Post by lpetrich » Mon Jan 01, 2018 8:57 am

A Mathematician Who Decodes the Patterns Stamped Out by Life | Quanta Magazine
About mathematician Corina Tarnita and her moving into biology. In particular, how organisms make patterns.
Of all the patterns Tarnita explores, one of the most enchantingly enigmatic are fairy circles: barren round patches that dot the grasslands of Namibia like pepperoni slices on a pizza. They can persist as long as 75 years, but their cause has been hotly debated. Some scientists argue that termite colonies build and maintain the bare circles, while others blame them on plants battling for water across the arid landscape. In January, Tarnita and her colleagues published an article in Nature that suggested a compromise: that both processes together, acting on different scales, could imprint the observed pattern on the ecosystem.
Then an interview with her.

She described how she has worked with a certain Bob Pringle on the spacing of termite mounds in Kenya. They are spaced out because the groups of termites don't want to get too close to each other, because they'd be competing for resources if they did. They thus form a roughly hexagonal pattern, because a hexagonal pattern is the best possible circle packing in 2 dimensions.

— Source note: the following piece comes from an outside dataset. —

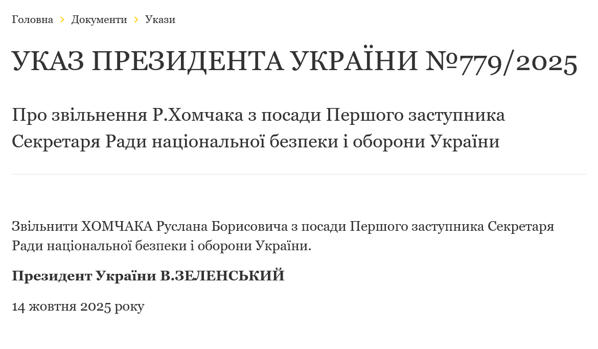 Згідно з указом №779/2025, Руслана Хомчака звільнено з посади, яку він обіймав з липня 2021 року. Іншим указом – №780/2025 – президент призначив на цю посаду Євгенія Острянського, який до цього був заступником начальника Генерального штабу Збройних Сил України.

She speculates that this could be useful in diagnosing the health of ecosystems:
Do you know about Alan Turing? Turing was obsessed with morphological patterns. Why do tigers have stripes, why do leopards have spots, and so on. He created what’s called an activator-inhibitor system, and it’s a very elegant system that people had employed for vegetation as well.

The Turing-type pattern says that when I have a lot of rainfall, the world should look like my well-watered lawn. As I start to lose precipitation I start to lose biomass, but the way I lose biomass is in a very predictable manner. The first thing I should see is something that looks like regular gaps of vegetation. As you keep decreasing the precipitation, those gaps start to form this maze-like pattern that looks like a beautiful labyrinth. As you keep decreasing the precipitation even further, those gaps stretch even more into spots.

And immediately after you’ve gotten to the spots-like stage, if you keep losing precipitation, the very next thing you should see is desert. You have what’s called catastrophic collapse. You just immediately lose everything.
At least if the individual ground-cover plants need some neighbors to survive.